== Segment start ==

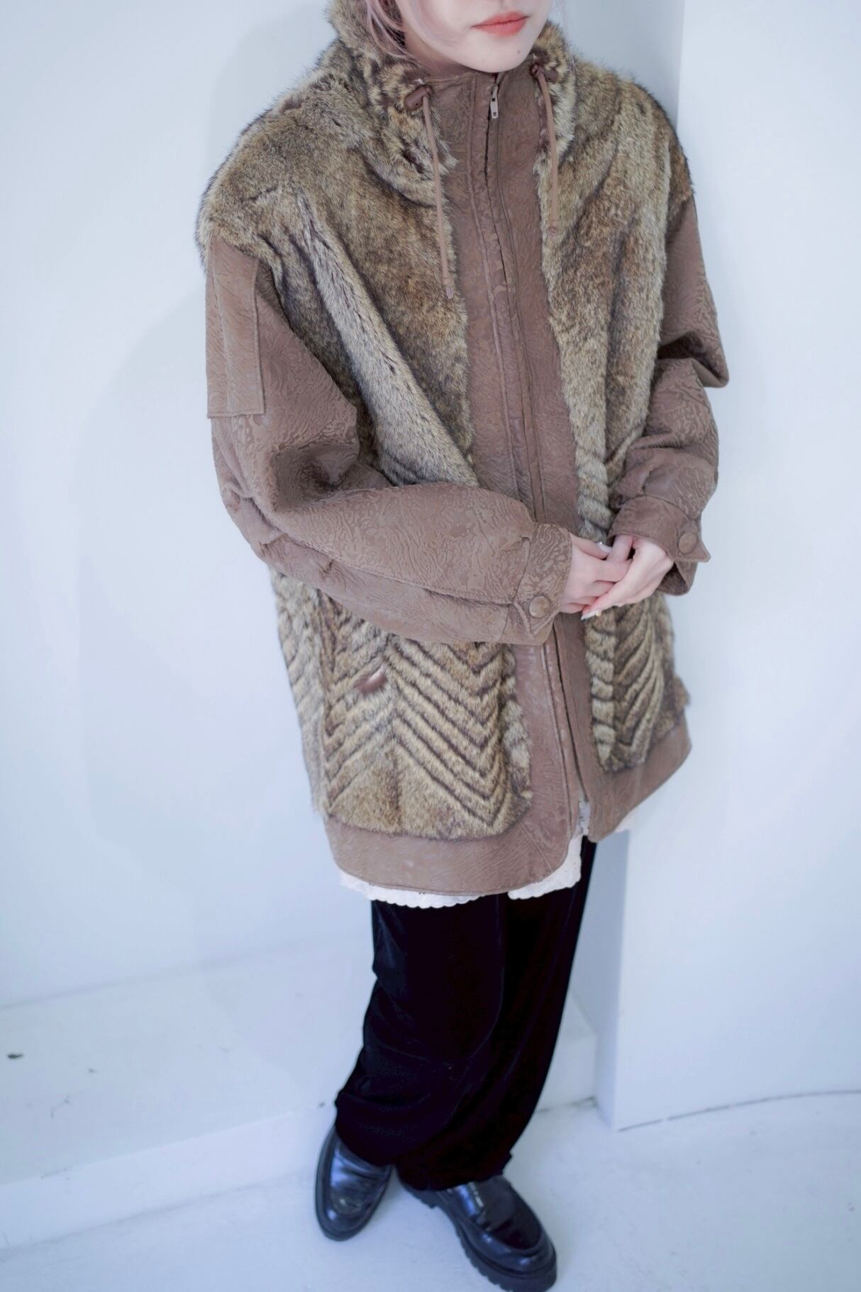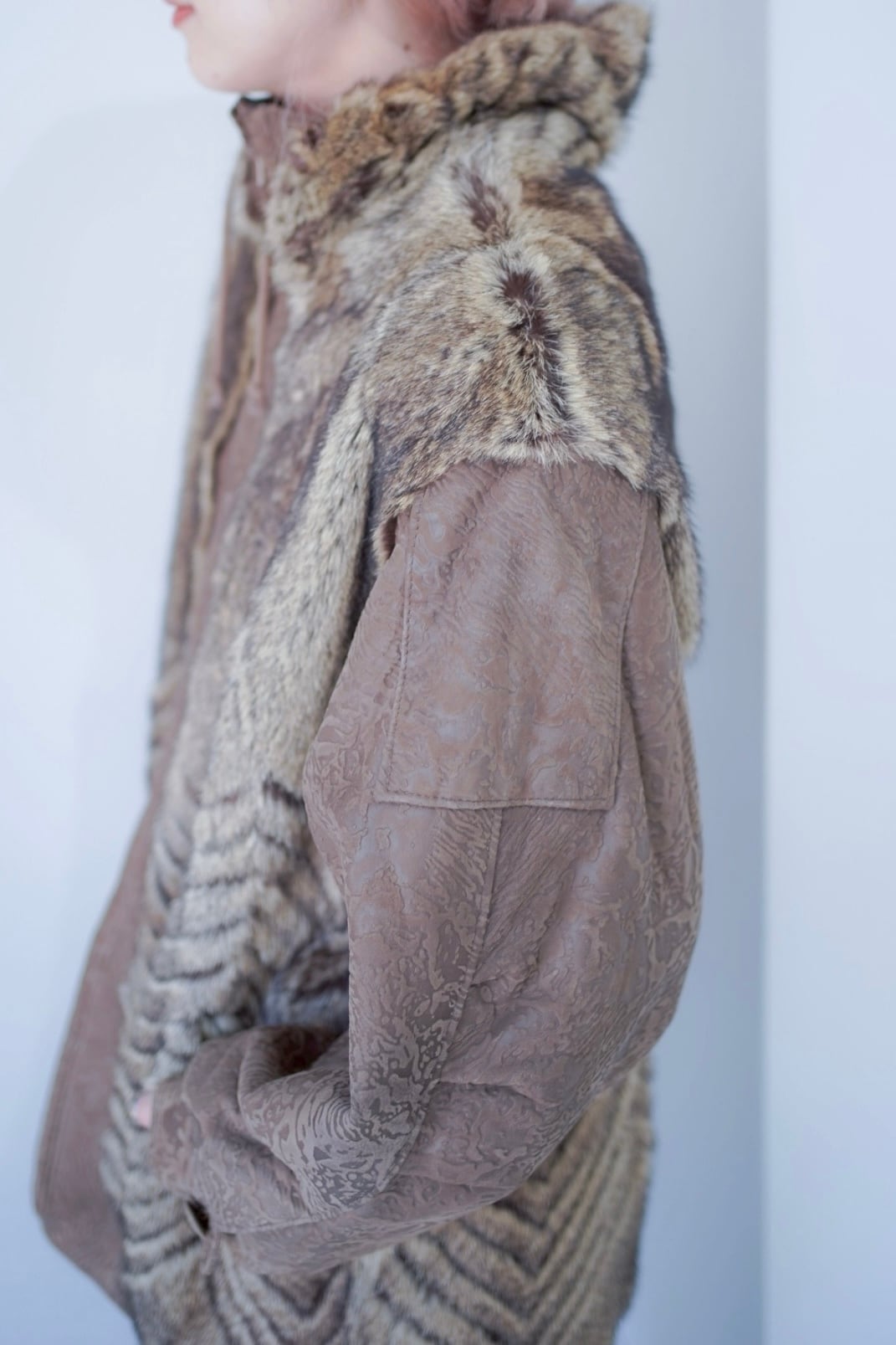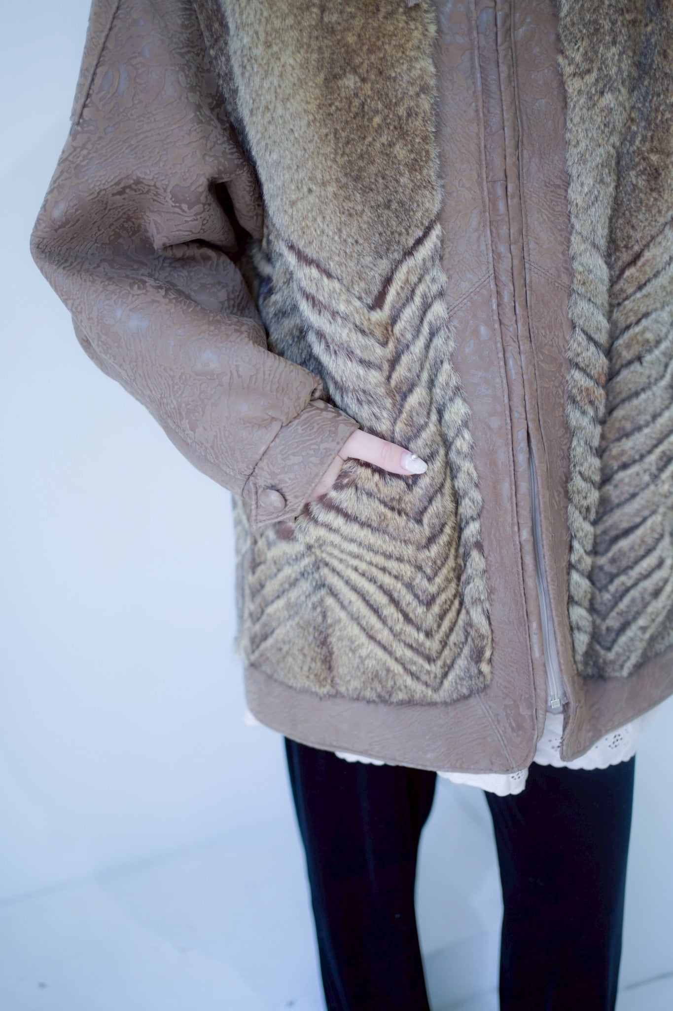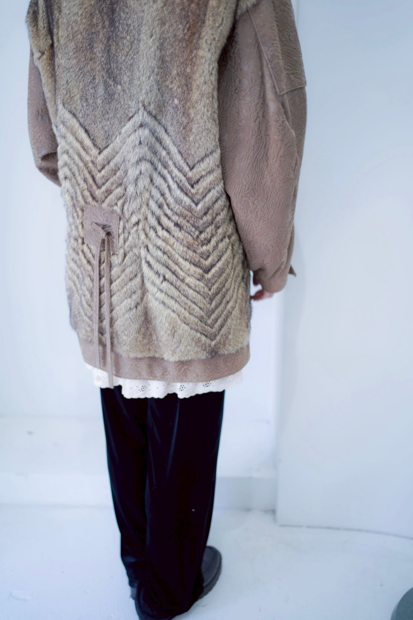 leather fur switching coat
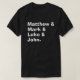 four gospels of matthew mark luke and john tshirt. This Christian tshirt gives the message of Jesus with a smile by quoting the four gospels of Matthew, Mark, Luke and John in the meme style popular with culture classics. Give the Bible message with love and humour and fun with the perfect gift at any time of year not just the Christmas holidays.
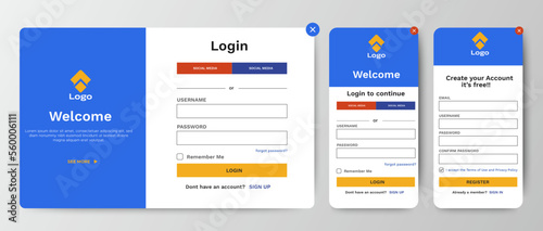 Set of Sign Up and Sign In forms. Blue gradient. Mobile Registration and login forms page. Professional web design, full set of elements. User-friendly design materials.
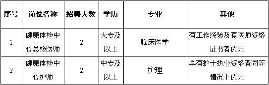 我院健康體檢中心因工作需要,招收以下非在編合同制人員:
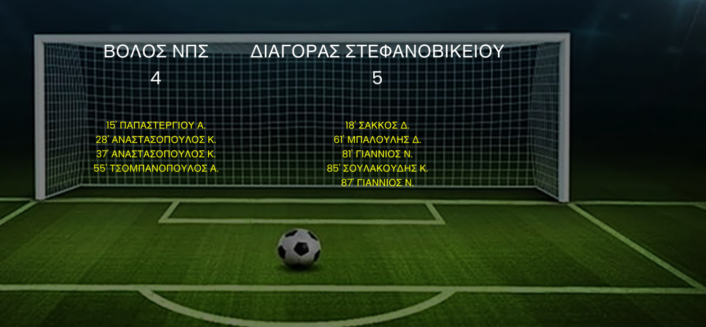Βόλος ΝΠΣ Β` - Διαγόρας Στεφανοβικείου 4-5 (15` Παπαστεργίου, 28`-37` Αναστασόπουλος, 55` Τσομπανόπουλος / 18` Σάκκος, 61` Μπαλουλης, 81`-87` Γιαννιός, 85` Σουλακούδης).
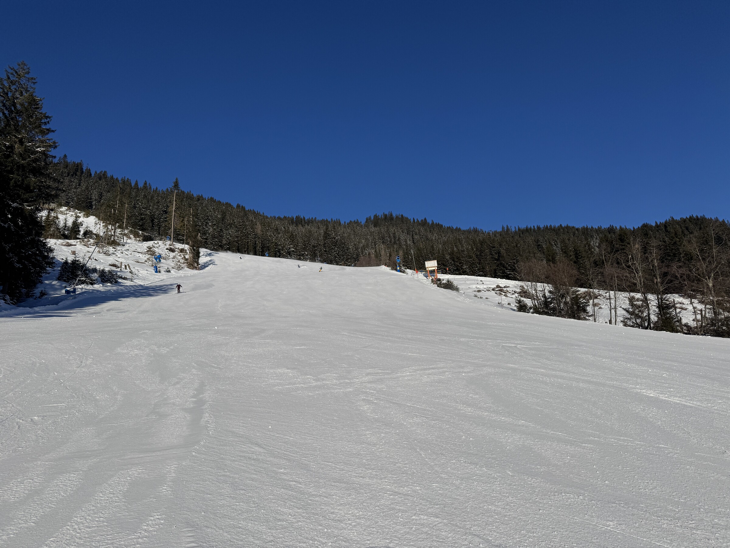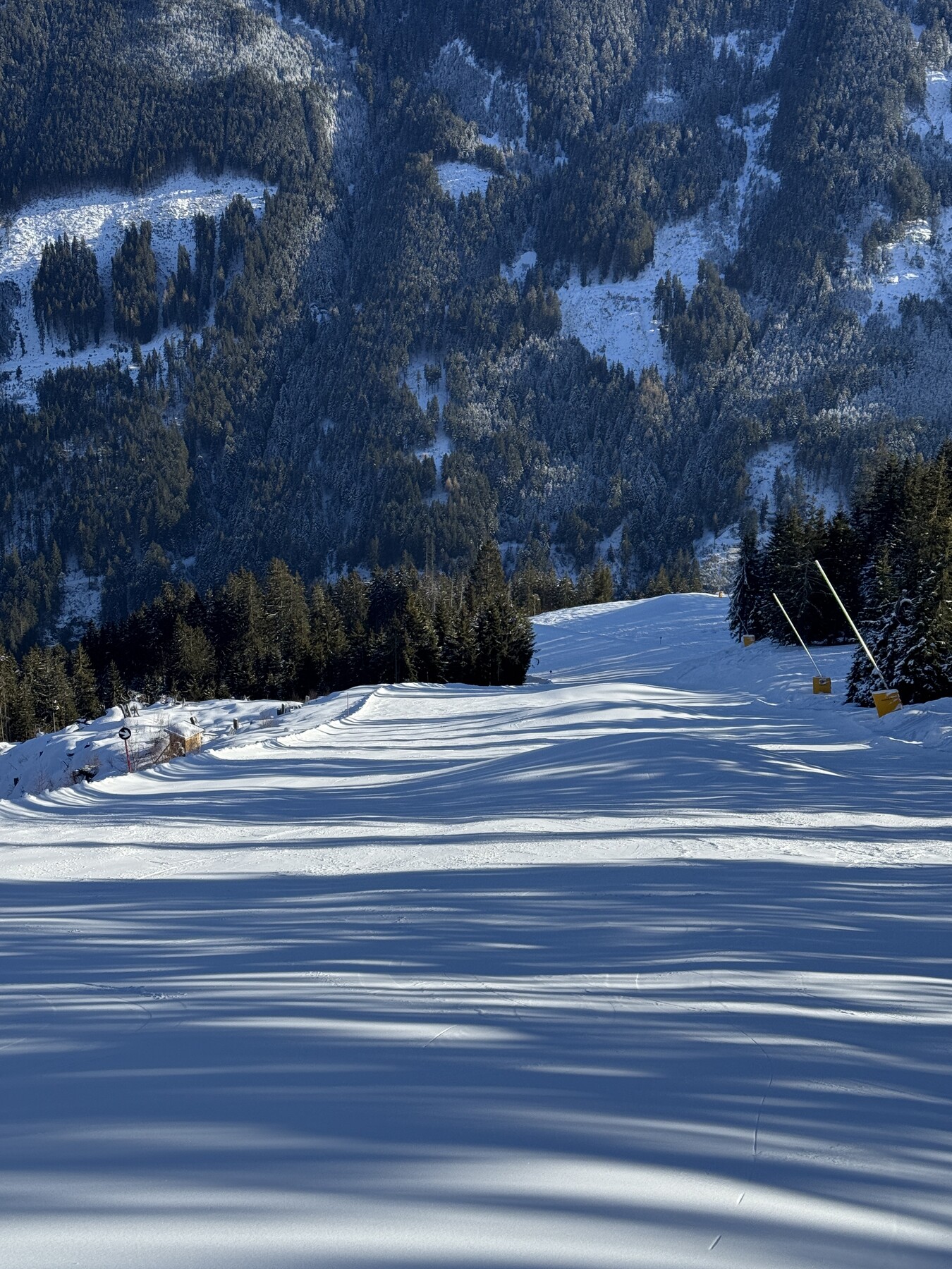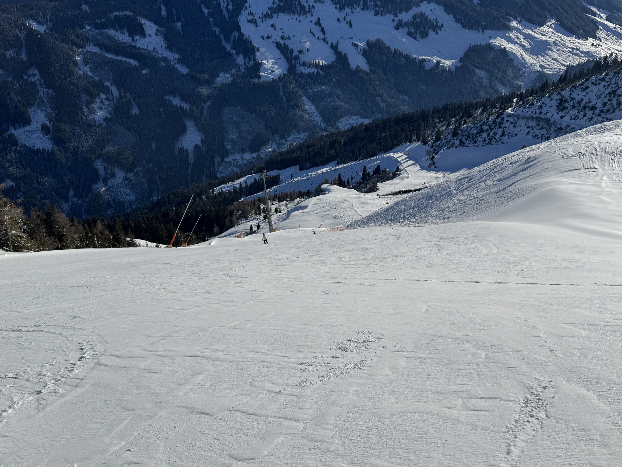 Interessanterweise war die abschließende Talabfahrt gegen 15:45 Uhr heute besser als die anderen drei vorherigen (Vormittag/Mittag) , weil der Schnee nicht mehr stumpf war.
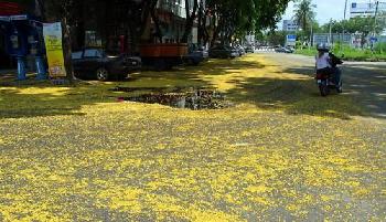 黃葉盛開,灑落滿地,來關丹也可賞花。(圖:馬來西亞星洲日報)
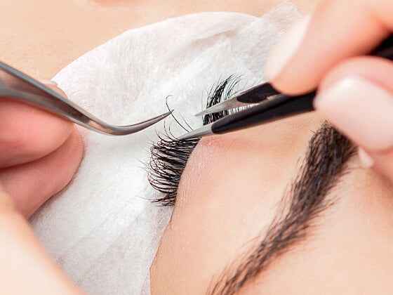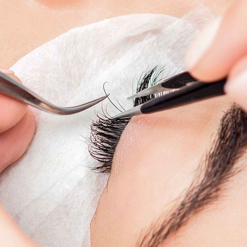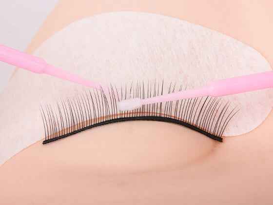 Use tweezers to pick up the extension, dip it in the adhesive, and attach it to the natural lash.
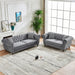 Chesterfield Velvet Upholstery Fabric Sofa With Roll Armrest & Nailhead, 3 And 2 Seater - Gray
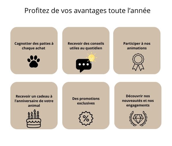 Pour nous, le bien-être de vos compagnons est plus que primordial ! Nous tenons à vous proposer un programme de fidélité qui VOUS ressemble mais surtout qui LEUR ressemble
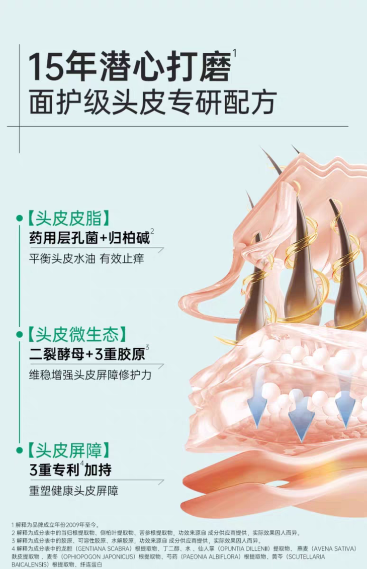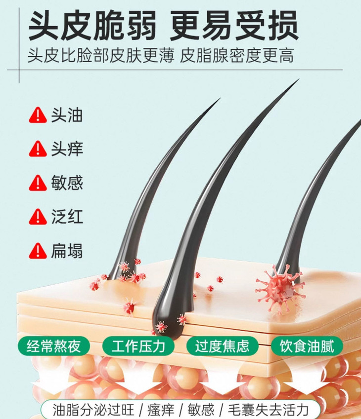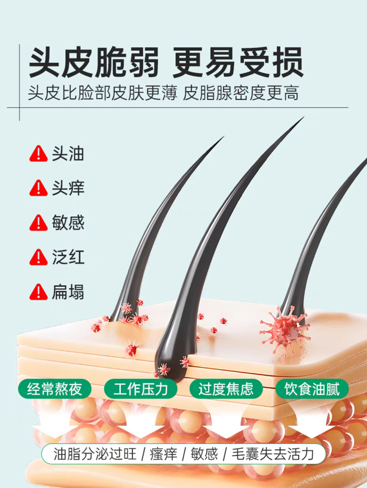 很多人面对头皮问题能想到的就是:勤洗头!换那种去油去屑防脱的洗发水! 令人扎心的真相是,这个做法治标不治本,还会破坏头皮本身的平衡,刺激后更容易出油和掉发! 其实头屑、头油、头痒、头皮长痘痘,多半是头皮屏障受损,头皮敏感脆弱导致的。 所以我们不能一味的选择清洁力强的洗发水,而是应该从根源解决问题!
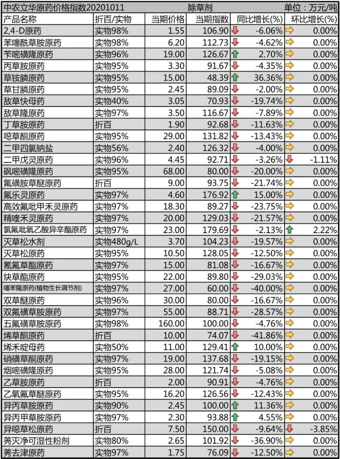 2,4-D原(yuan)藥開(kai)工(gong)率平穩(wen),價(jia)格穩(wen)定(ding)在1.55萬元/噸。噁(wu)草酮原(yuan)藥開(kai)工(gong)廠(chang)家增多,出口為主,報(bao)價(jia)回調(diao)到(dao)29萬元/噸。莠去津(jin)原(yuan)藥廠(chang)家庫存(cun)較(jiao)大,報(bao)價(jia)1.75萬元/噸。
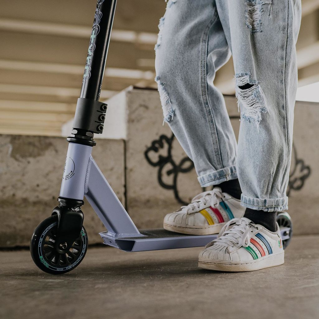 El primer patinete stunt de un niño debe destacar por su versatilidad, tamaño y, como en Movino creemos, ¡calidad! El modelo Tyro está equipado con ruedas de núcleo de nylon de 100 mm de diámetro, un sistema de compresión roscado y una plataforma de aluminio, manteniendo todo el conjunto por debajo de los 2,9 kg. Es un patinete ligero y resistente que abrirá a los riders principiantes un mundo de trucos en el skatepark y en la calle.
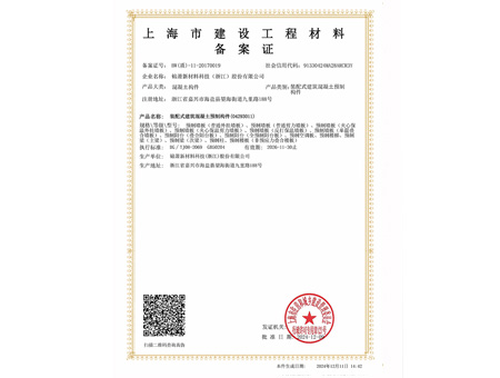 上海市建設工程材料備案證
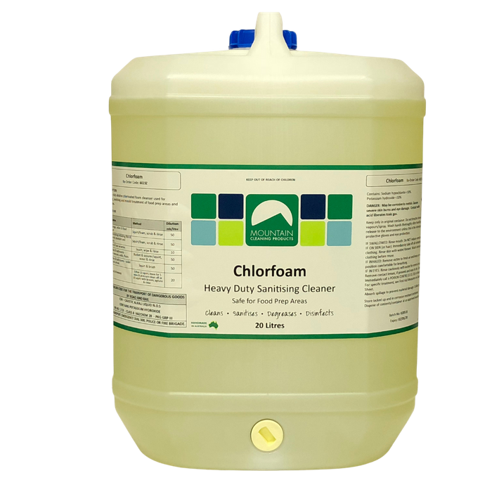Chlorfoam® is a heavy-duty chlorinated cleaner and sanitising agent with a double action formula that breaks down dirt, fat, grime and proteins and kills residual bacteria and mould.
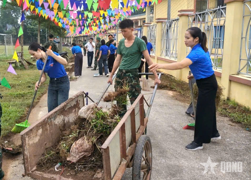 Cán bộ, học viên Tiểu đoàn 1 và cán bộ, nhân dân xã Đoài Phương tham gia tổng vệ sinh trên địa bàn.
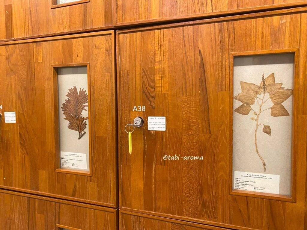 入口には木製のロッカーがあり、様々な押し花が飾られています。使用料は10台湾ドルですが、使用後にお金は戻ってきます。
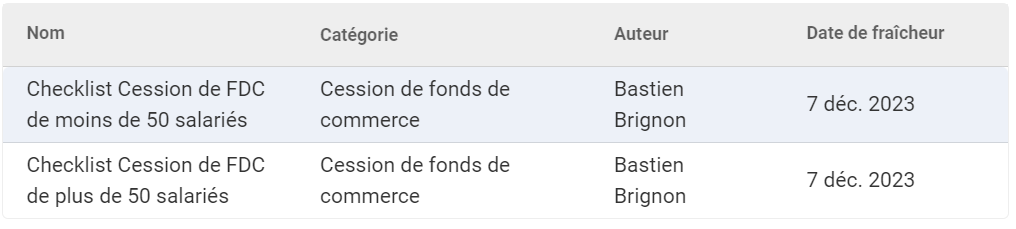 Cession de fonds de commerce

== Segment end ==

> _Your instructions_
An exact, picture-free copy of the entries is required.

> _Answer to this exercise_
 leather fur switching coat
 four gospels of matthew mark luke and john tshirt. This Christian tshirt gives the message of Jesus with a smile by quoting the four gospels of Matthew, Mark, Luke and John in the meme style popular with culture classics. Give the Bible message with love and humour and fun with the perfect gift at any time of year not just the Christmas holidays.
 Set of Sign Up and Sign In forms. Blue gradient. Mobile Registration and login forms page. Professional web design, full set of elements. User-friendly design materials.
 我院健康體檢中心因工作需要,招收以下非在編合同制人員:
Βόλος ΝΠΣ Β` - Διαγόρας Στεφανοβικείου 4-5 (15` Παπαστεργίου, 28`-37` Αναστασόπουλος, 55` Τσομπανόπουλος / 18` Σάκκος, 61` Μπαλουλης, 81`-87` Γιαννιός, 85` Σουλακούδης).
 Interessanterweise war die abschließende Talabfahrt gegen 15:45 Uhr heute besser als die anderen drei vorherigen (Vormittag/Mittag) , weil der Schnee nicht mehr stumpf war.
 黃葉盛開,灑落滿地,來關丹也可賞花。(圖:馬來西亞星洲日報)
 Use tweezers to pick up the extension, dip it in the adhesive, and attach it to the natural lash.
 Chesterfield Velvet Upholstery Fabric Sofa With Roll Armrest & Nailhead, 3 And 2 Seater - Gray
 Pour nous, le bien-être de vos compagnons est plus que primordial ! Nous tenons à vous proposer un programme de fidélité qui VOUS ressemble mais surtout qui LEUR ressemble
 很多人面对头皮问题能想到的就是:勤洗头!换那种去油去屑防脱的洗发水! 令人扎心的真相是,这个做法治标不治本,还会破坏头皮本身的平衡,刺激后更容易出油和掉发! 其实头屑、头油、头痒、头皮长痘痘,多半是头皮屏障受损,头皮敏感脆弱导致的。 所以我们不能一味的选择清洁力强的洗发水,而是应该从根源解决问题!
 2,4-D原(yuan)藥開(kai)工(gong)率平穩(wen),價(jia)格穩(wen)定(ding)在1.55萬元/噸。噁(wu)草酮原(yuan)藥開(kai)工(gong)廠(chang)家增多,出口為主,報(bao)價(jia)回調(diao)到(dao)29萬元/噸。莠去津(jin)原(yuan)藥廠(chang)家庫存(cun)較(jiao)大,報(bao)價(jia)1.75萬元/噸。
 El primer patinete stunt de un niño debe destacar por su versatilidad, tamaño y, como en Movino creemos, ¡calidad! El modelo Tyro está equipado con ruedas de núcleo de nylon de 100 mm de diámetro, un sistema de compresión roscado y una plataforma de aluminio, manteniendo todo el conjunto por debajo de los 2,9 kg. Es un patinete ligero y resistente que abrirá a los riders principiantes un mundo de trucos en el skatepark y en la calle.
 上海市建設工程材料備案證
Chlorfoam® is a heavy-duty chlorinated cleaner and sanitising agent with a double action formula that breaks down dirt, fat, grime and proteins and kills residual bacteria and mould.
 Cán bộ, học viên Tiểu đoàn 1 và cán bộ, nhân dân xã Đoài Phương tham gia tổng vệ sinh trên địa bàn.
 入口には木製のロッカーがあり、様々な押し花が飾られています。使用料は10台湾ドルですが、使用後にお金は戻ってきます。
 Cession de fonds de commerce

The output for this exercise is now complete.